- TASK TO CARRY OUT
From the first line of the data below through the line bearing "麗歌唱片廠發行編號「AK-7", reproduce each line exactly; do not include pictures.

Start of GIVEN DATA

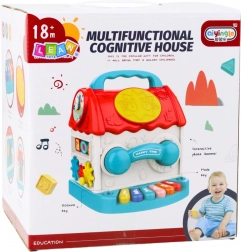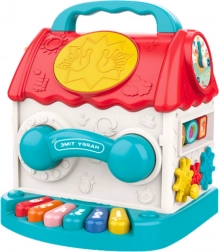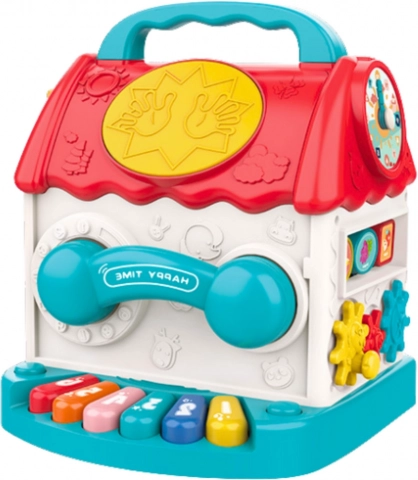 W zestawie znajduje się 8 kolorowych magnetycznych robaczków, które dziecko może wyciągać z otworów przy pomocy specjalnego magnetycznego dzięcioła. Ta czynność rozwija koordynację ręka–oko oraz precyzję ruchów. Telefon w formie grzechotki zachęca do zabawy dźwiękiem, natomiast sorter kształtów z 4 klockami uczy rozpoznawania figur geometrycznych. Każda ze ścianek domku ma inne funkcje, które zachęcają dziecko do odkrywania i interakcji.
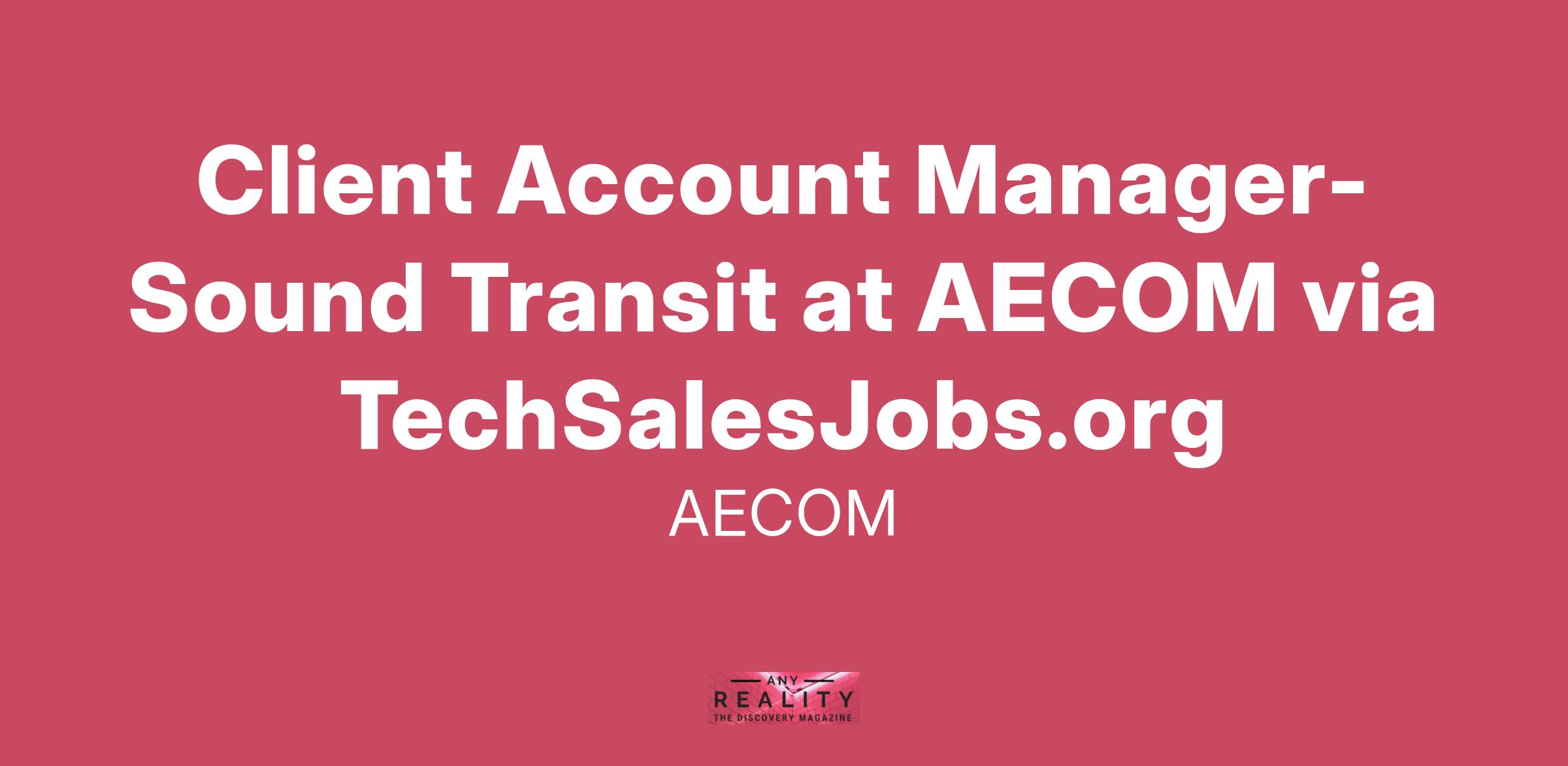 AECOM is seeking a dynamic and experienced Client Account Manager to drive business growth for Sound Transit in Seattle. This external facing leader will represent AECOM with Sound Transit and be responsible for business development, sales, and strategy across all divisions for this key client with a goal of winning new and repeat business for all of AECOM’s service offerings. This position is expected to begin immediately.
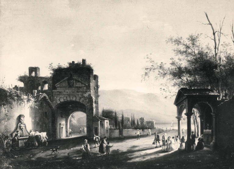 - NOTIZIE STORICO CRITICHE Il dipinto è giunto alle collezioni museali dalla Civica Scuola di Pittura (inv. 201) attraverso il legato di Francesco Belcredi del 1851. La tela venne eseguita, probabilmente, nel 1844, anno in cui fu esposta a Brera con il titolo Veduta campestre di composizione.
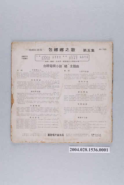 麗歌唱片廠發行編號「AK-765」華語歌曲專輯《包娜娜之歌第五集》12吋塑膠唱片
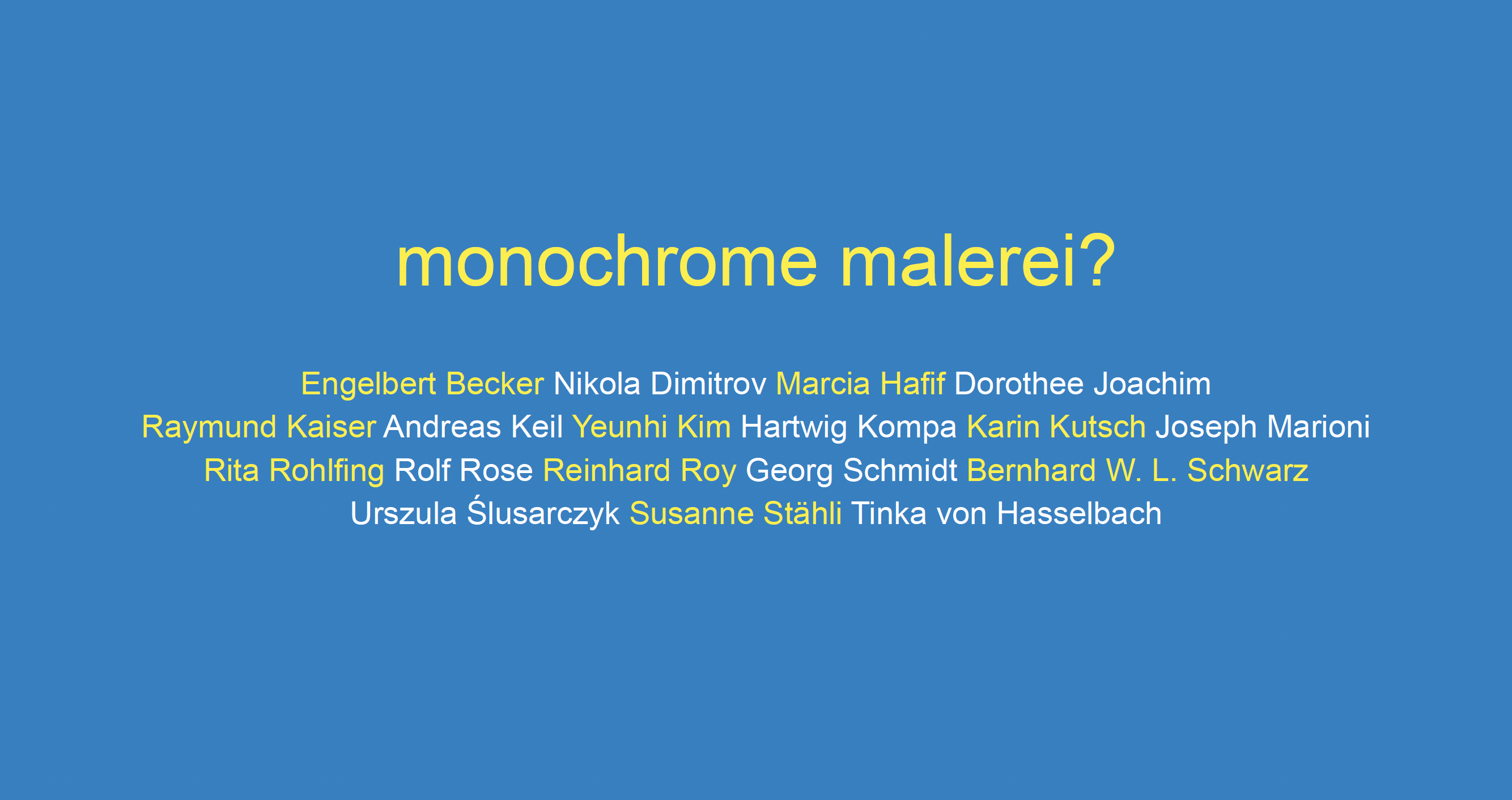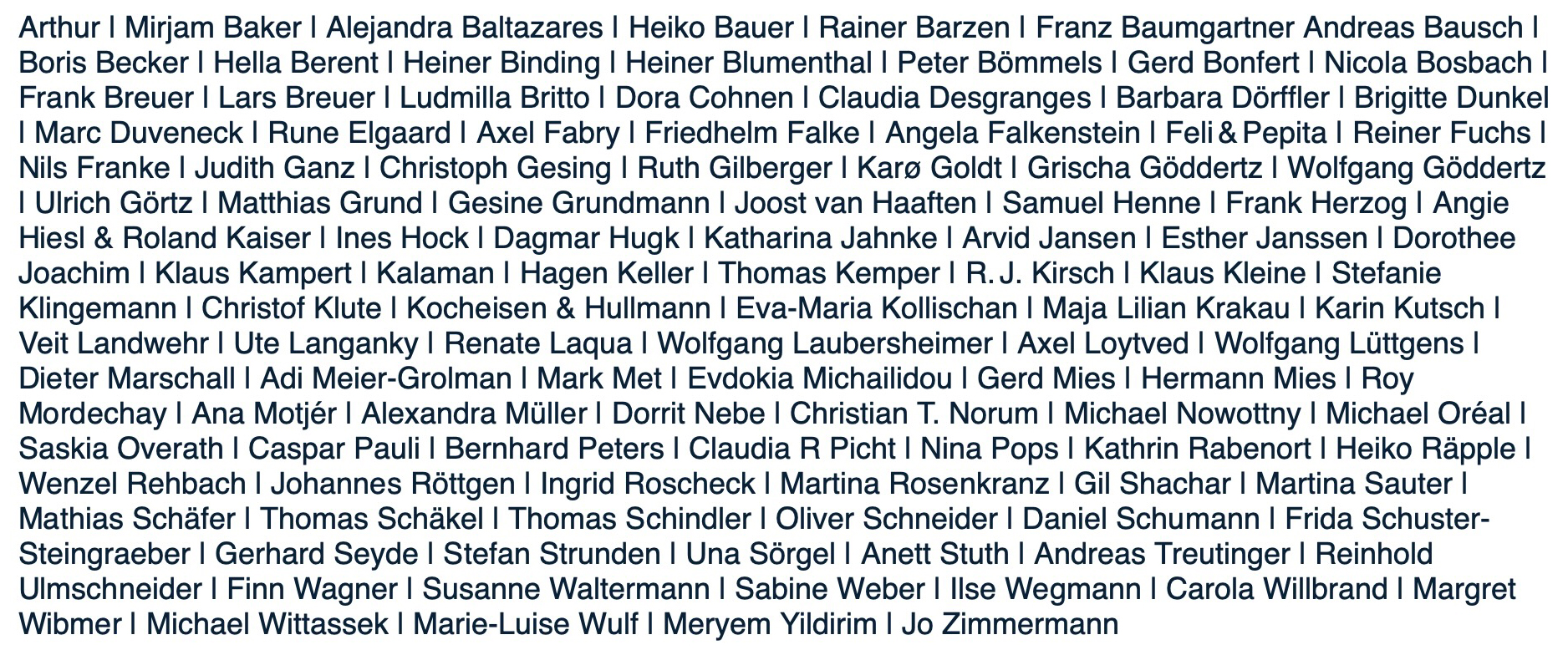 mit Britta Bogers, Christoph Dahlhausen, Claudia Desgranges, Friedhelm Falke, Michael Jäger, Dorothee Joachim, Andreas Keil, molitor&kuzmin, Michael Krupp, Marlon Red, Thomas Reifferscheid, Ivo Ringe, Rita Rohlfing, Stephan Siebers.

End of GIVEN DATA

- RESPONSE TO THE TASK
 W zestawie znajduje się 8 kolorowych magnetycznych robaczków, które dziecko może wyciągać z otworów przy pomocy specjalnego magnetycznego dzięcioła. Ta czynność rozwija koordynację ręka–oko oraz precyzję ruchów. Telefon w formie grzechotki zachęca do zabawy dźwiękiem, natomiast sorter kształtów z 4 klockami uczy rozpoznawania figur geometrycznych. Każda ze ścianek domku ma inne funkcje, które zachęcają dziecko do odkrywania i interakcji.
 AECOM is seeking a dynamic and experienced Client Account Manager to drive business growth for Sound Transit in Seattle. This external facing leader will represent AECOM with Sound Transit and be responsible for business development, sales, and strategy across all divisions for this key client with a goal of winning new and repeat business for all of AECOM’s service offerings. This position is expected to begin immediately.
 - NOTIZIE STORICO CRITICHE Il dipinto è giunto alle collezioni museali dalla Civica Scuola di Pittura (inv. 201) attraverso il legato di Francesco Belcredi del 1851. La tela venne eseguita, probabilmente, nel 1844, anno in cui fu esposta a Brera con il titolo Veduta campestre di composizione.
 麗歌唱片廠發行編號「AK-765」華語歌曲專輯《包娜娜之歌第五集》12吋塑膠唱片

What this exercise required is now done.